• Recorded information
=-=-=-=-=
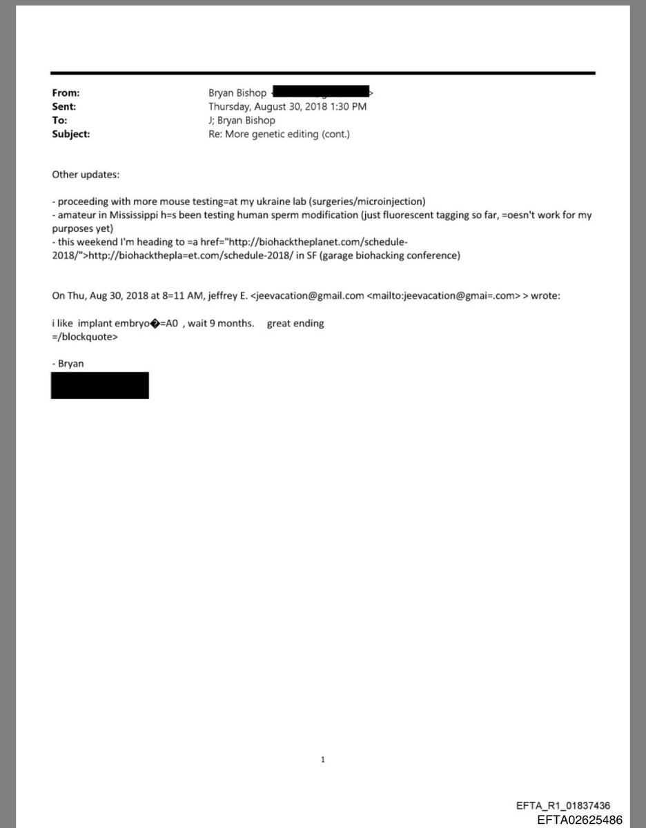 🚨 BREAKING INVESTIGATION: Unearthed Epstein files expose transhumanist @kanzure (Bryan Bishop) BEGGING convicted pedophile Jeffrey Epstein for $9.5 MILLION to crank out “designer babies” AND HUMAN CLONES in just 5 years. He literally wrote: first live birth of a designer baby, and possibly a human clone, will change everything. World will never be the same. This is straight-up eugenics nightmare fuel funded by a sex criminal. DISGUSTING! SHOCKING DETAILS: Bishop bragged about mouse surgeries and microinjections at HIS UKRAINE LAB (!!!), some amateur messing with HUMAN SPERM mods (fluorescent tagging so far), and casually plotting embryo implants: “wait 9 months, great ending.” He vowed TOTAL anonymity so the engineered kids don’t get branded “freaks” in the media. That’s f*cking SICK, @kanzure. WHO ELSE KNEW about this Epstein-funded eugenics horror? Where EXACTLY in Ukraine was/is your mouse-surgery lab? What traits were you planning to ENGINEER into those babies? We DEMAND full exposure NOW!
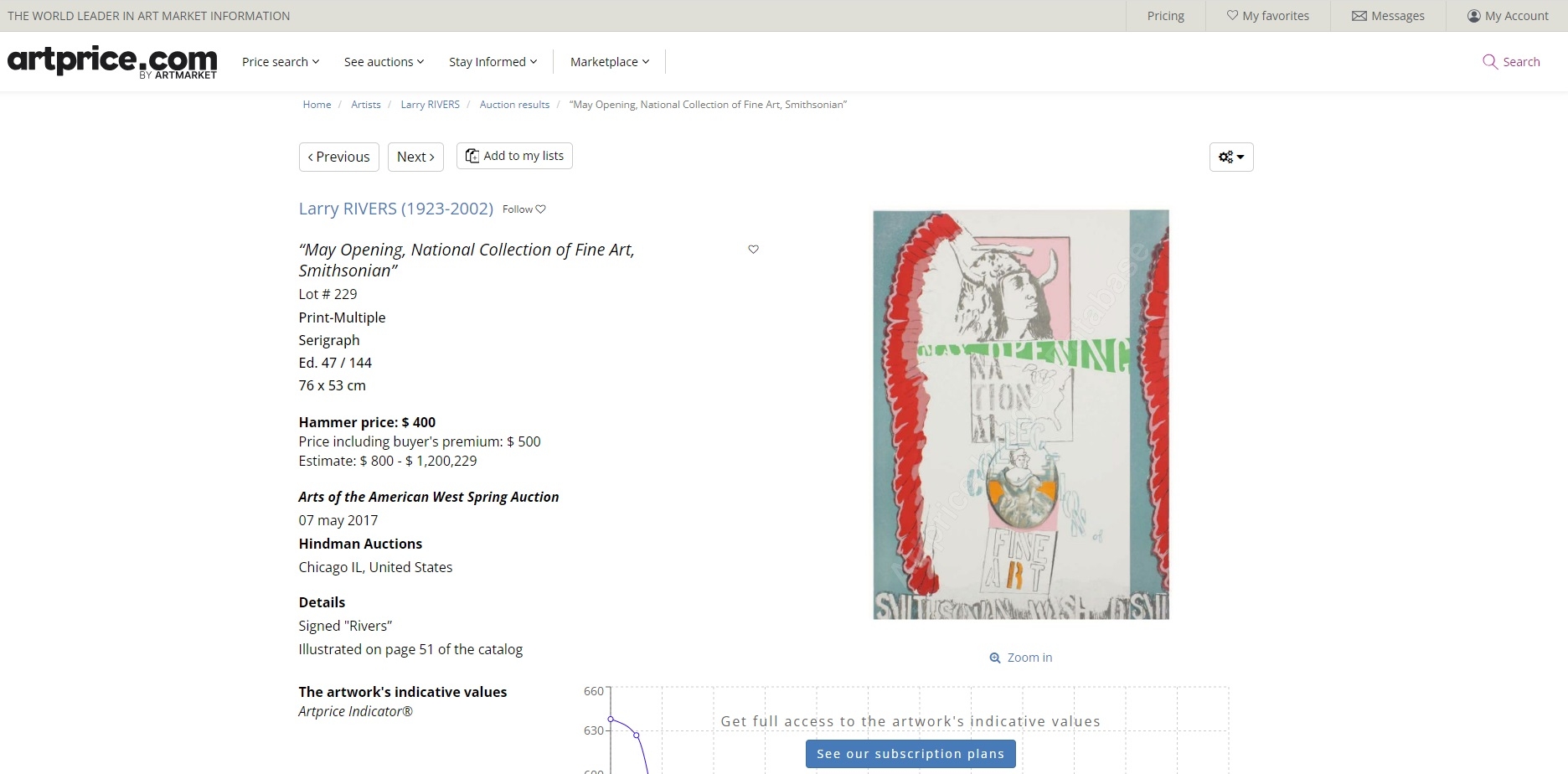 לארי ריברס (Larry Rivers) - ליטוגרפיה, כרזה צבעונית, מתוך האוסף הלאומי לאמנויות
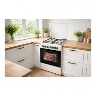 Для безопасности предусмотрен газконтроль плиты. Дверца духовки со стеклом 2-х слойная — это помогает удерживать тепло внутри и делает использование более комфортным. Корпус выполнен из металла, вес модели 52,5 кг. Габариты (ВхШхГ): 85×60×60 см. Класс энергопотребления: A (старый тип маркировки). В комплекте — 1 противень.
=-=-=-=-=
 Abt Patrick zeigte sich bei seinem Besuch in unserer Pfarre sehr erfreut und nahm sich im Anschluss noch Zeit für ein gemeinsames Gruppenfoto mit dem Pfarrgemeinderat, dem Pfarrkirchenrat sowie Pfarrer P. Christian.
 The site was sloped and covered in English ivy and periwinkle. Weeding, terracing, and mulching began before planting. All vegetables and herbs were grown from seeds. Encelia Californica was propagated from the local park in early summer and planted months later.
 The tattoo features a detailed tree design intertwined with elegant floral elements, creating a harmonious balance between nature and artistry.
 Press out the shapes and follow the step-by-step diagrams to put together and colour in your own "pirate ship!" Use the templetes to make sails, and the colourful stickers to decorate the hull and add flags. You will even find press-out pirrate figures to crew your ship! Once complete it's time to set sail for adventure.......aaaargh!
=-=-=-=-=
• Task instructions
What is needed is an exact copy of the lines above from the one with "לארי ריברס (Larry" to the one with "Для безопасности предусмотрен", both ends kept, and nothing more; please leave the pictures out.

• Your response
 לארי ריברס (Larry Rivers) - ליטוגרפיה, כרזה צבעונית, מתוך האוסף הלאומי לאמנויות
 Для безопасности предусмотрен газконтроль плиты. Дверца духовки со стеклом 2-х слойная — это помогает удерживать тепло внутри и делает использование более комфортным. Корпус выполнен из металла, вес модели 52,5 кг. Габариты (ВхШхГ): 85×60×60 см. Класс энергопотребления: A (старый тип маркировки). В комплекте — 1 противень.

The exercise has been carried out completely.